# STUDY MATERIAL
◇ ◇ ◇ ◇ ◇

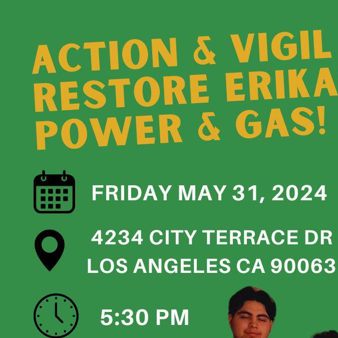 Erika, familia, defensores de los inquilinos y aliados llevaron a cabo una vigilia afuera de su casa en City Terrace para exigir que se hagan las reparaciones de inmediato, y hacer pública la situación que está pasado.
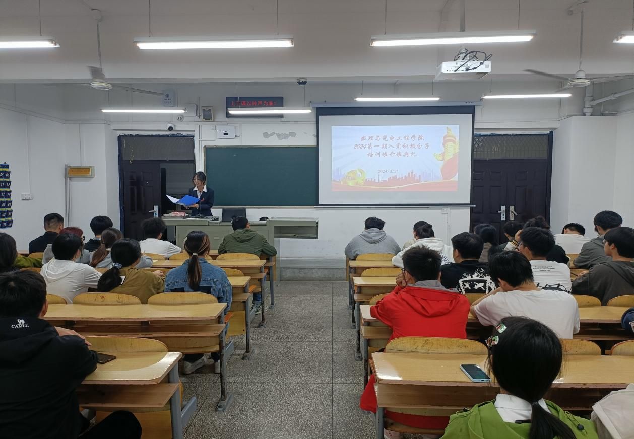 4月1日,数理与光电工程学院分党委在1205教室举行2024年第一期入党积极分子培训班开班典礼。
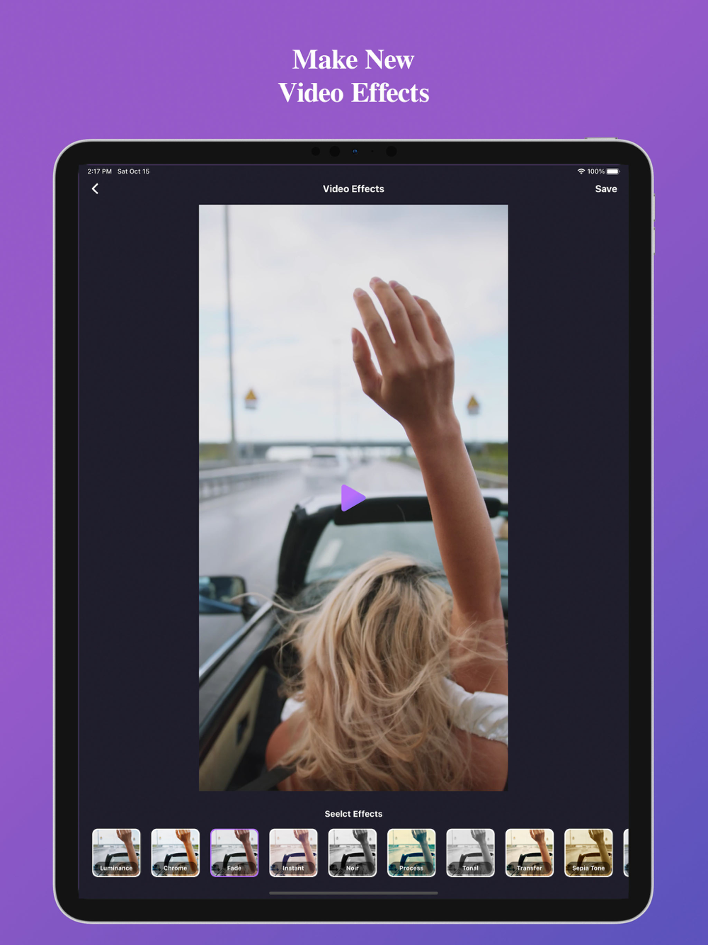 Clip Merge: Video Editor app filters videos using multiple effects.
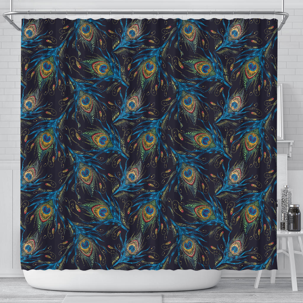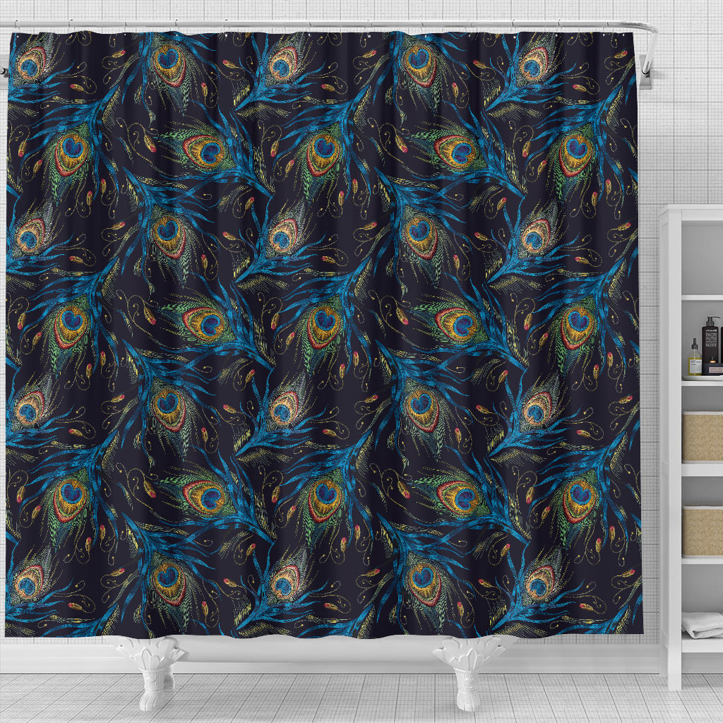 Beautiful Peacock Feather Pattern Shower Curtain Fulfilled In US
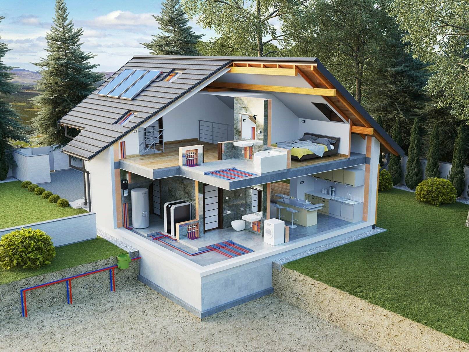 - Электрическая и газовая система отопления частного дома функционирует от внешних источников, хранилища не нужны.
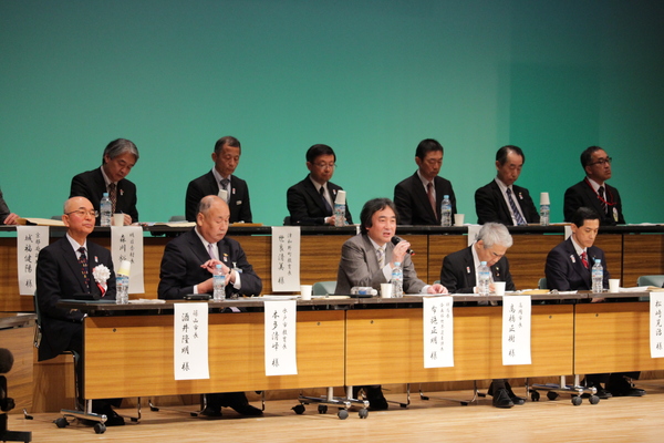 舞台ではスーツを着た男性たちが席に座って、その中の男性がマイクを手に持ち話をしている写真 拡大画像 (JPEG: 143.0KB)
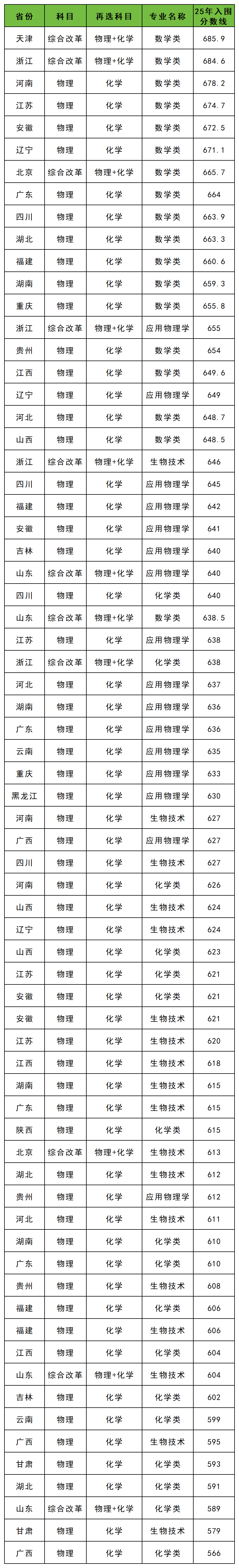 三、华南理工大学2025年强基分数线
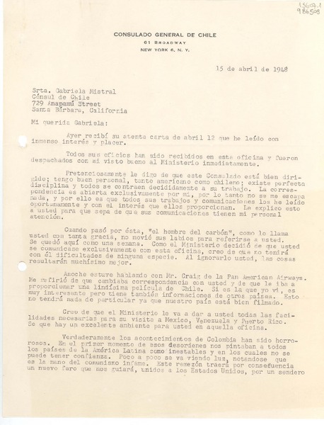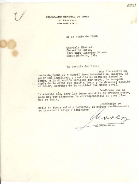 [Carta] 1948 abr. 26, Consulado General de Chile, 61 Broadway, New York 6, N. Y., [EE.UU.] [a la] Srta. Gabriela Mistral, Cónsul de Chile, 729 Anapamú Street, Santa Bárbara, Clifornia [i.e. California], [EE.UU.] [manuscrito] Alfonso Grez.
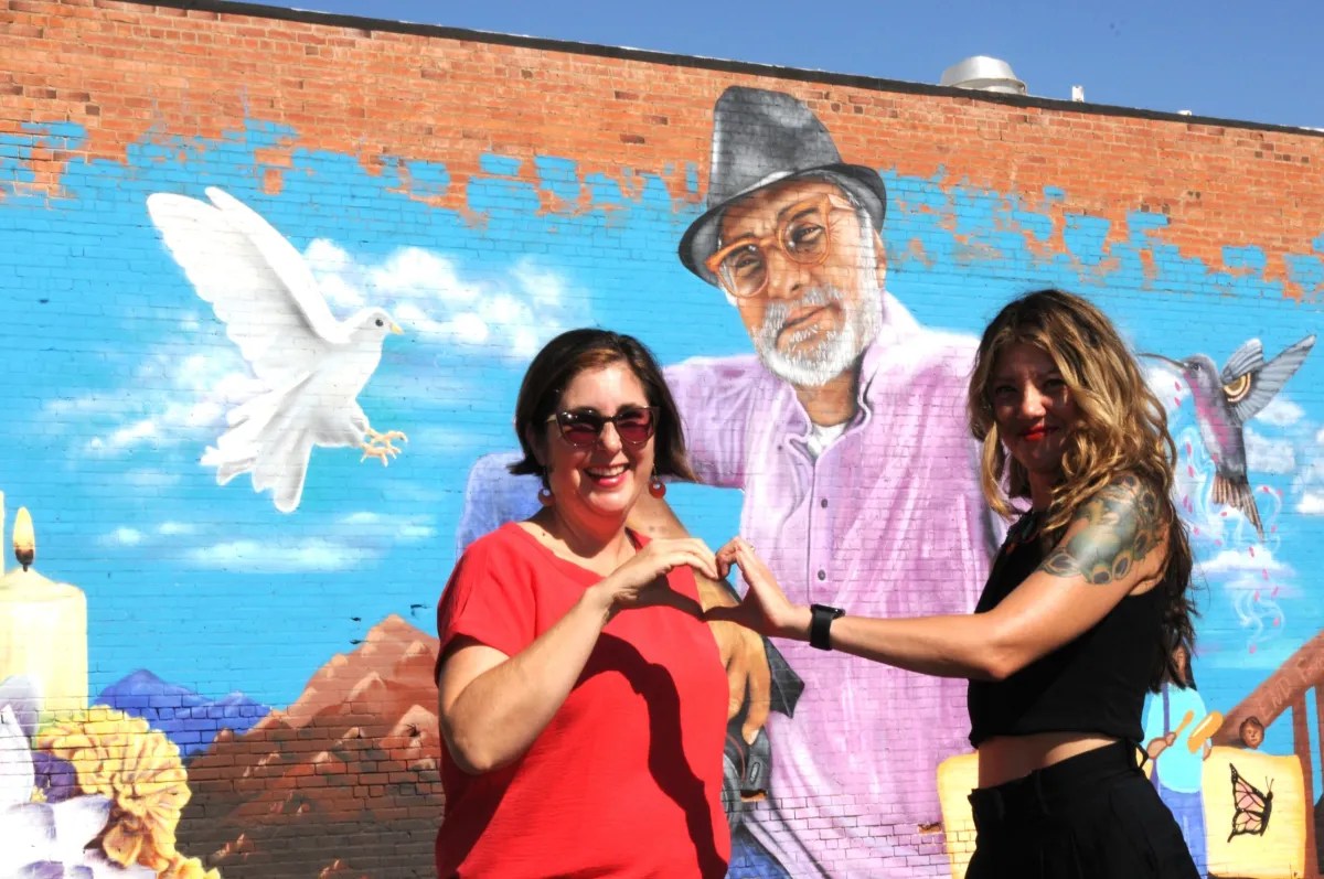 Hinojos painted Oza’s mural in 2022 as a tribute to his life. For inspiration, she channeled a photo taken by Cecilia García, who came to know Oza when he was documenting the lives of immigrants in his adopted home state. And like so many others who crossed his path, they soon became friends.
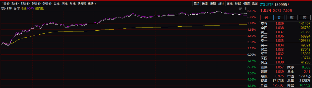 这只股票这么一动,也引领了全天的芯片及半导体行情。芯片ETF当日涨了7.6%,半导体50涨了7.03%。市场一下子好像又回到了去年底和今年二月的“科技牛”行情。
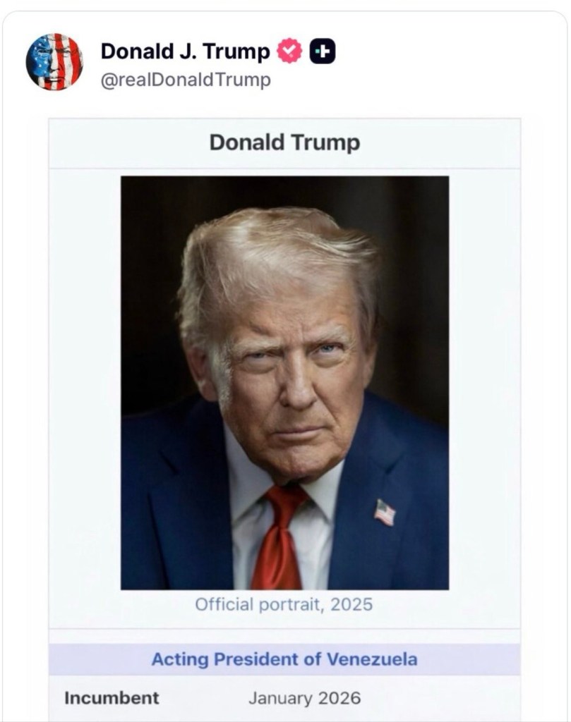 President Trump decided that the time had come to remove the President of Venezuela, run that country and take over its oil production. To make his point clearer, President Trump later posted an altered image saying he was the “Acting President of Venezuela.

◇ ◇ ◇ ◇ ◇

# TASK ITEM
Each entry above should be restated word for word, though no picture may appear in the copy.

# SOLUTION BELOW
 Erika, familia, defensores de los inquilinos y aliados llevaron a cabo una vigilia afuera de su casa en City Terrace para exigir que se hagan las reparaciones de inmediato, y hacer pública la situación que está pasado.
 4月1日,数理与光电工程学院分党委在1205教室举行2024年第一期入党积极分子培训班开班典礼。
 Clip Merge: Video Editor app filters videos using multiple effects.
 Beautiful Peacock Feather Pattern Shower Curtain Fulfilled In US
 - Электрическая и газовая система отопления частного дома функционирует от внешних источников, хранилища не нужны.
 舞台ではスーツを着た男性たちが席に座って、その中の男性がマイクを手に持ち話をしている写真 拡大画像 (JPEG: 143.0KB)
 三、华南理工大学2025年强基分数线
 [Carta] 1948 abr. 26, Consulado General de Chile, 61 Broadway, New York 6, N. Y., [EE.UU.] [a la] Srta. Gabriela Mistral, Cónsul de Chile, 729 Anapamú Street, Santa Bárbara, Clifornia [i.e. California], [EE.UU.] [manuscrito] Alfonso Grez.
 Hinojos painted Oza’s mural in 2022 as a tribute to his life. For inspiration, she channeled a photo taken by Cecilia García, who came to know Oza when he was documenting the lives of immigrants in his adopted home state. And like so many others who crossed his path, they soon became friends.
 这只股票这么一动,也引领了全天的芯片及半导体行情。芯片ETF当日涨了7.6%,半导体50涨了7.03%。市场一下子好像又回到了去年底和今年二月的“科技牛”行情。
 President Trump decided that the time had come to remove the President of Venezuela, run that country and take over its oil production. To make his point clearer, President Trump later posted an altered image saying he was the “Acting President of Venezuela.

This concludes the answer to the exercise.